Cherry picking SQL query fields to increase performance


The first SQL query most people learn is the SELECT statement with a query some thing like the following.

SELECT * FROM users WHERE id > 100

Nothing wrong with the syntax itself; but more often than not, what the user really wants is just a few columns from the table as shown in the PHP code below. Here we are only using three columns from the table. The usual practice of developers is to use the * modifier to get all the columns from the table as it is easier then specifying individual column names. It is quicker to select all columns from a table and worry later which to actually use in the code.

$sql = "SELECT * FROM users WHERE id > 100";
$result = mysql_query($sql);
 
if (!$result) {
    echo "Could not successfully run query ($sql) from DB: " . mysql_error();
    exit;
}
 
while ($row = mysql_fetch_assoc($result)) {
    echo $row["id"];
    echo $row["first_name"];
    echo $row["last_name"];
}

The problem with the above scenario is that MySQL has to move all that data over the network for each query, and the more redundant data there is the more bandwidth is wasted, impacting the performance of the website. If the number of columns in the table are small with a few thousand records, then the performance hit is barely noticeable. But increase the table columns and also the total records in the table and the delay gets noticeable.

The best way to mitigate this problem is to select the individual columns. This way we are not unnecessarily transferring data we do not require. For the above PHP code, the query would be as below.

SELECT id, first_name, last_name FROM users WHERE id > 100

In an example test on my local machine, using HeidiSQL as the SQL tool, I queried a 250 column table with around 33,000 records. Using SELECT * , HeidiSQL reported the following status.

/* 0 rows affected, 33,378 rows found. (+ 2.625 sec. network) */

While with the selected fields ( 3 in total ) it returned the following status.
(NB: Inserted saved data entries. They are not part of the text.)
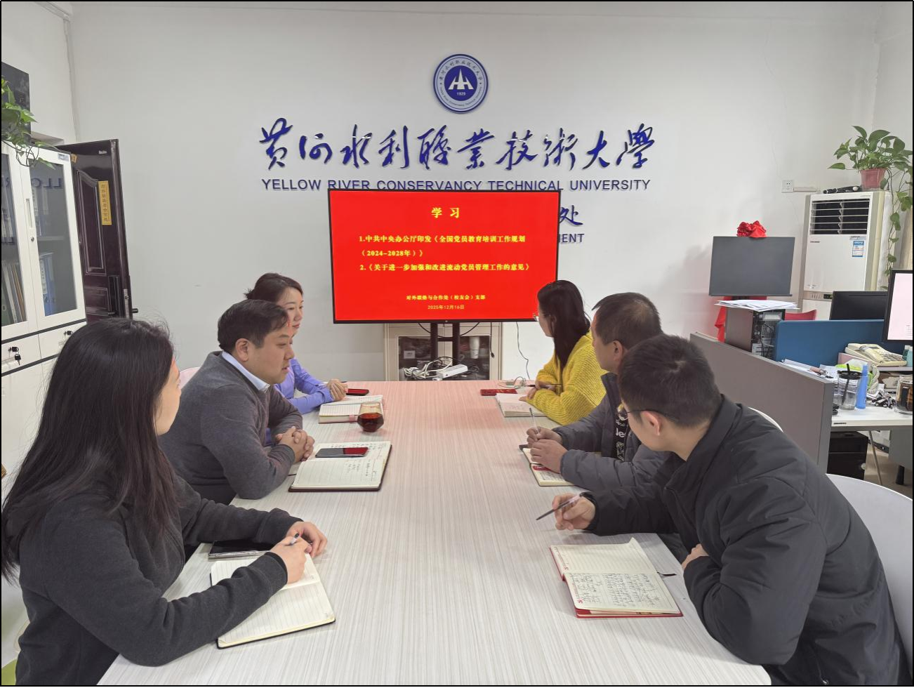 2025年12月16日,对外联络与合作处(校友会)支部在行政楼101会议室组织开展政治理论学习。支部书记姬尧主持会议,支部全体在校党员参会。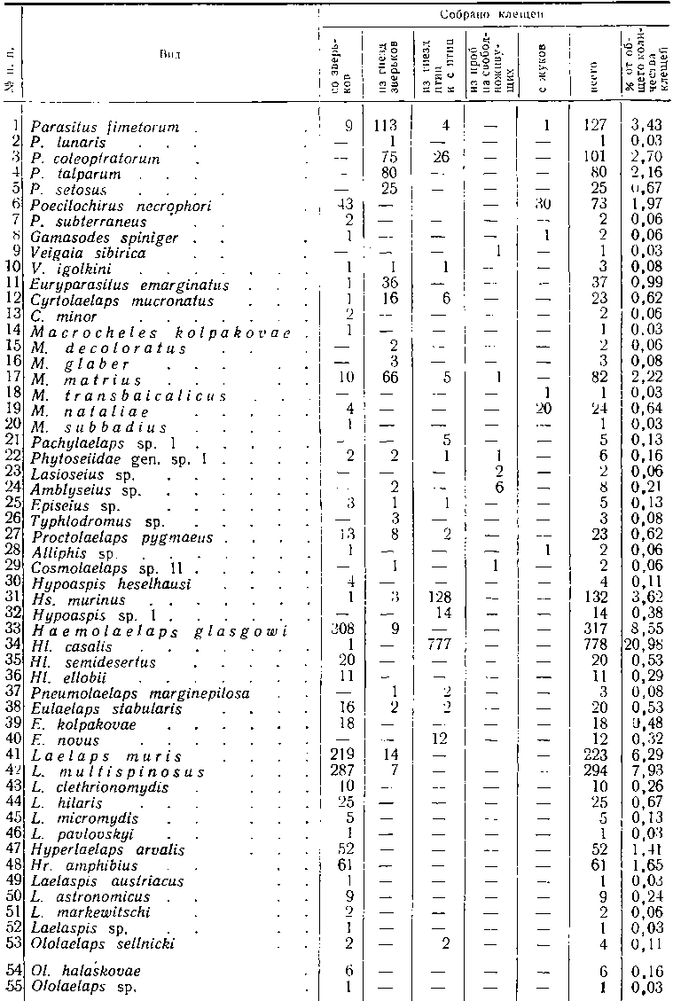 А. А. Земская (1962), изучавшая видовой состав гамазид на территории Северного Казахстана, непосредственно граничащей с районами наших работ, указывает для степи всего 35 видов. Однако среди них есть виды, не встреченные в наших сборах: Hs. heselhausi, L. algericus, L. agilis, O. silviarum. Hs. heselhausi — редкий, свободноживущий клещ с начальной стадией паразитизма. Он спорадически встречается на территории Западной Сибири во всех зонах. Отсутствие его в наших степных сборах случайно. О. silviarum — птичий клещ. Нами впервые для Западной Сибири отмечен в открытых гнездах воробьиных птиц в пойме Оби, а в сборах из степной зоны не встречен. Мы также считаем это случайным.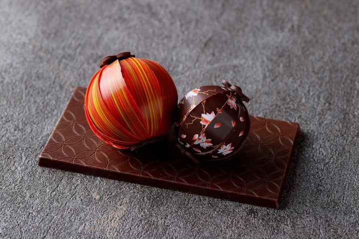組み紐模様や花柄などかわいらしい見た目が特徴の「手毬チョコ」4200円。ホテル館内のような、“和”のしつらえを感じる空間にぴったりのビジュアルです。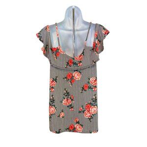 First Love Ruffle Tank Top L Black White Floral Stripe Red Roses Boho Summer Y2K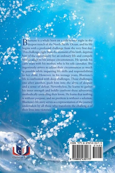 Bluetune is a whale born on a cold winter night in the deepest trench of the North Pacific Ocean, and his life begins with a profound challenge from the very first day. This challenge, right from the moment of his birth, deprives him of the opportunity for an ordinary life and compels him to adapt to his unique circumstances. He spends his early years with his mother, who is his sole caretaker. She ingeniously strives to adjust their circumstances as much as possible while imparting life skills and responsibilities to her child. However, in his teenage years, Bluetune's life is confronted with deep challenges. These challenges, one after another, push him into the abyss of despair and a sense of defeat. Nevertheless, he learns to gather his inner strength and boldly confront these adversities, methodically unraveling their knots. He learns that nothing is without purpose, and no problem is without a solution. Bluetune's life story serves as a representation of the journey undertaken by all those who transform the challenges of their lives into victories.
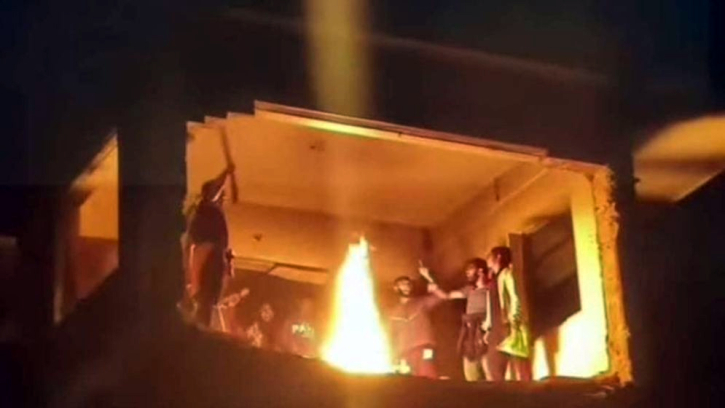ধানমন্ডি ৩২ নম্বরে আবার আগুন দিল ছাত্র জনতা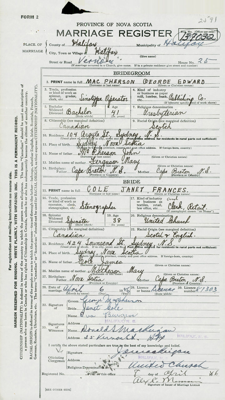 28. Date of marriage April 6 1946 29. By license or banns License 30. License number 81303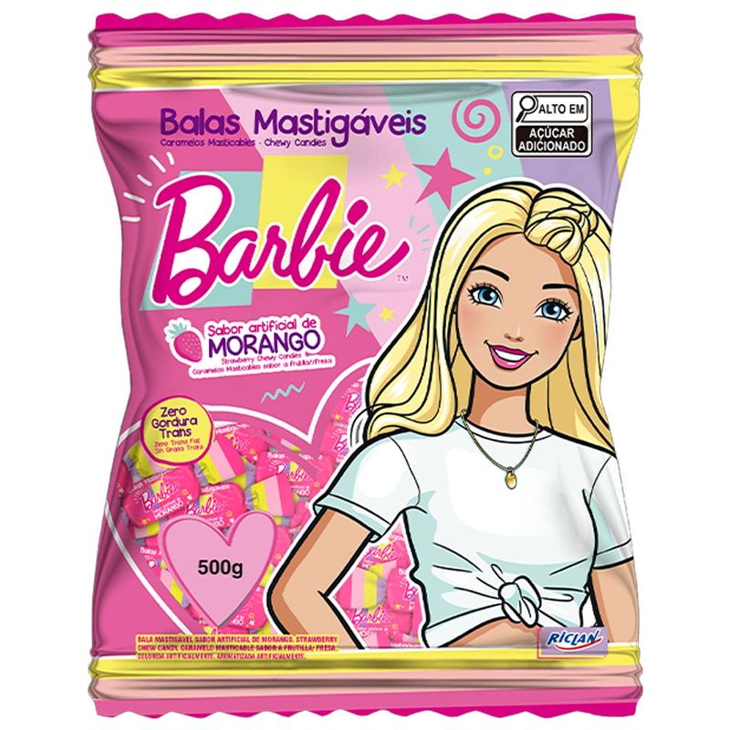 Balas mastigáveis sabor morango com tema da Barbie. Gostosas e divertidas, são ideais para compor lembrancinhas de festa, revender em seu comércio ou decoração de anivesário. Embalagem de 500g contendo aproximadamente 100 unidades.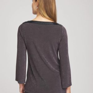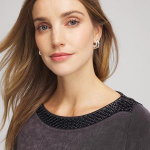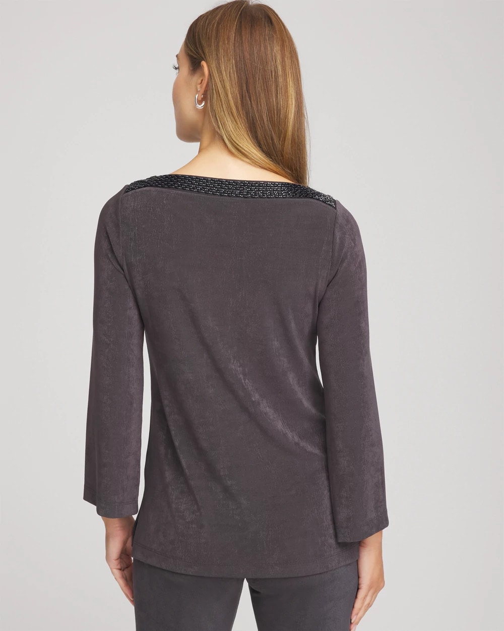 The Travelers™ Koia Pearl Beaded Tunic revamps Chico’s signature Travelers™ tunic silhouette with an array of thoughtful design elements, including a bateau neckline and soothing gray hue. Modeled on classic tunic tops, cut from breathable, travel-friendly, wrinkle-free, and sustainable Naia™ fabric. Wear with custom made to match Travelers™ No Tummy Pants and other outerwear.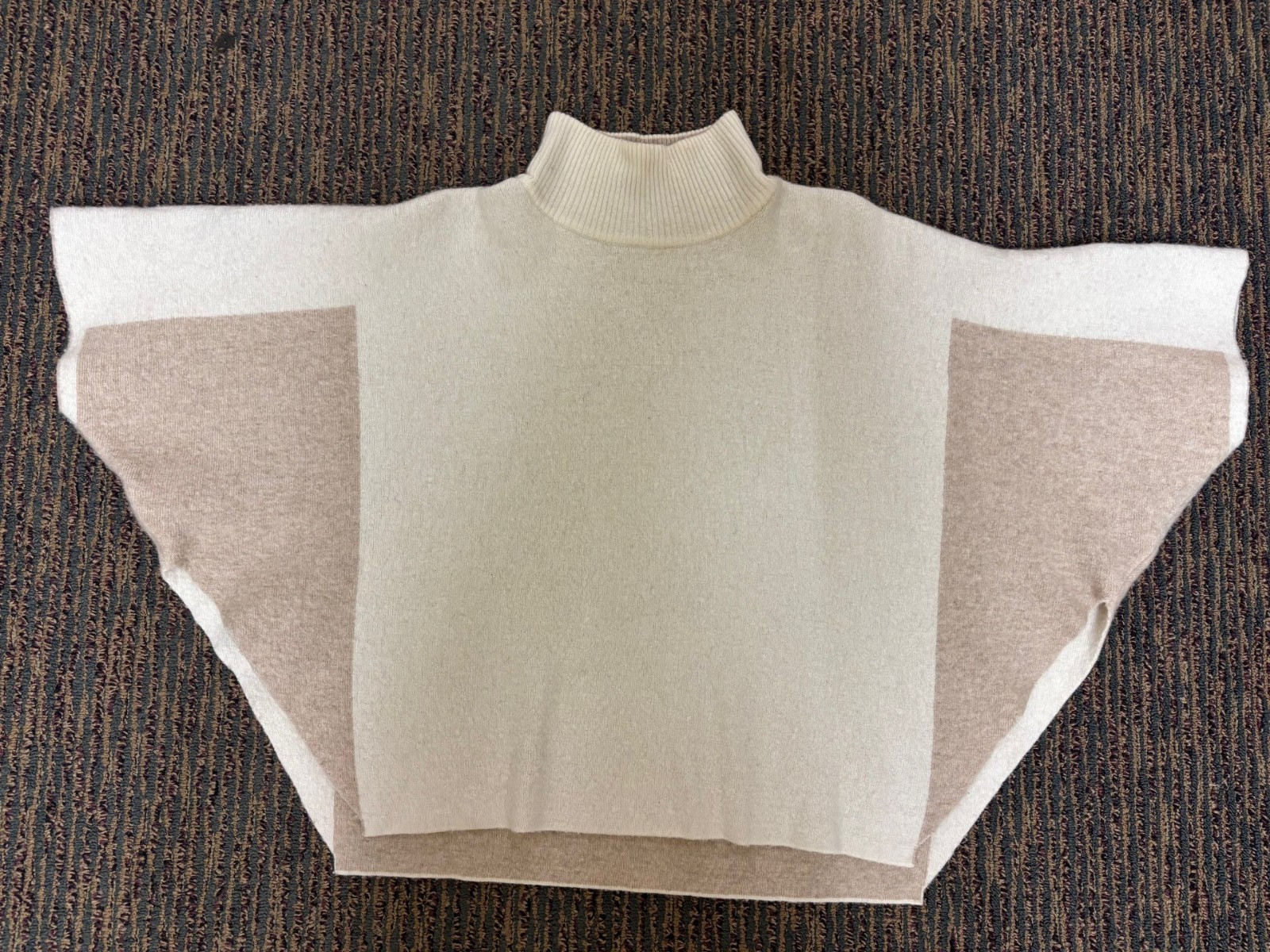 Note di Anita Italy Cashmere Wool Mockneck Colorblock Poncho Cape Camel Ivory OS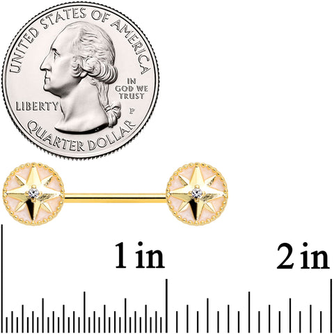 14 Gauge 5/8 Clear Gem Gold Tone Sailors Compass Barbell Nipple Ring Set
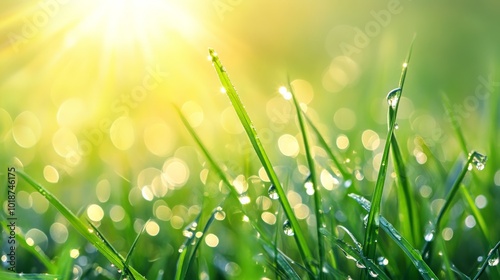 © Arifin Studio, Fototapeta premium Dew drops on blades of grass illuminated by the morning sun.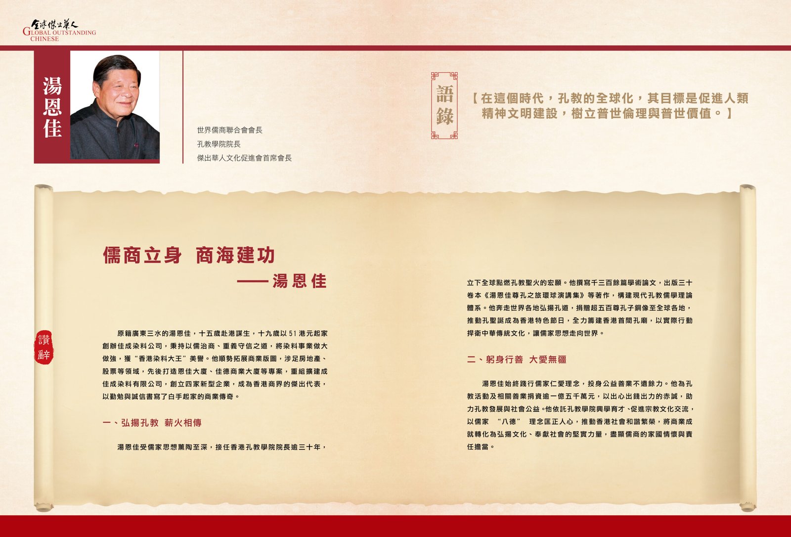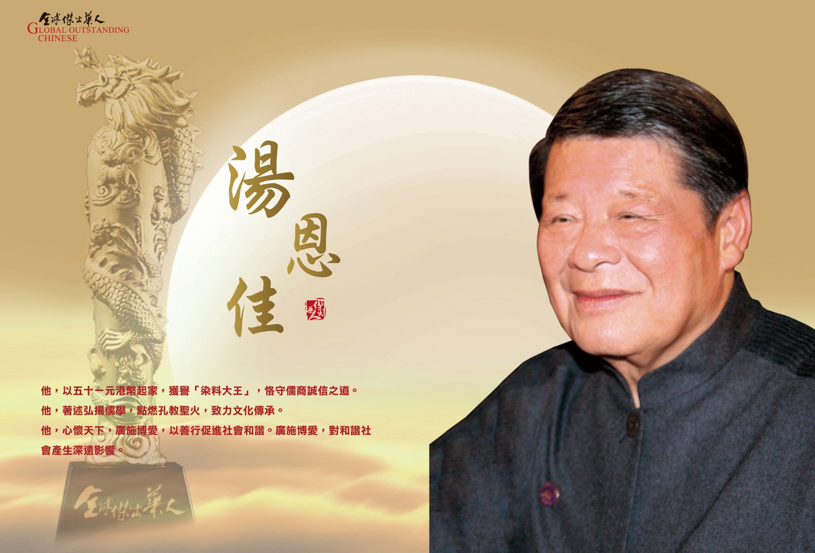 湯恩佳博士,1934 年生,祖籍廣東佛山三水,持有美國愛奧華威斯理安大學榮譽博士學位。年輕時白手起家,憑藉過人的商業敏銳度在香港建立起龐大的染料王國,躋身工商界翹楚。然而在事業如日中天之時,他毅然做出了令香港商界嘩然的決定——以 51 歲之齡急流勇退,放下千億財富,終身投入弘揚孔子儒學,成就了 20 世紀最震撼人心的棄商從儒傳奇。

/* 0 rows affected, 33,378 rows found. (+ 0.312 sec. network) */

As you may notice the network time is considerably larger for queries with the * modifier. The actual values do not matter but the relative difference between the timings. If you are running these kind of queries on your web server with high traffic, this can dramatically decrease the performance of your web site.

These type of problems can specially affect WordPress sites which use dozens of plugins. Any one of them using such sub-optimal queries can be a bottleneck of your complete site.

This site is a digital habitat of Sameer Borate, a freelance web developer working in PHP, MySQL and WordPress. I also provide web scraping services, website design and development and integration of various Open Source API's. Contact me at metapix[at]gmail.com for any new project requirements and price quotes.

4 Responses

1

علیرضا معظمی

January 29th, 2013 at 11:47 pm

the note is simple but many programmers dont pay attention.

when a query uses * after SELECT, then it needed to first fetch all column name from INFORMATION_SCHEMA table.

so if a programmer wants to get ALL fields in result, even using name of all fileds has higher performance from using * after SELECT.

2

vivek kumar

February 1st, 2013 at 11:33 pm

Its true……your post is relly helpful to programmers……….

3

dai

February 14th, 2013 at 10:50 pm

The lazy mans selection! It’ll bite the programmer in the butt in if you’re expecting the traffic to roll in

4

Tyler

February 19th, 2013 at 9:12 am

Great point. Thanks for including the network times. I am going to start doing this instead of *!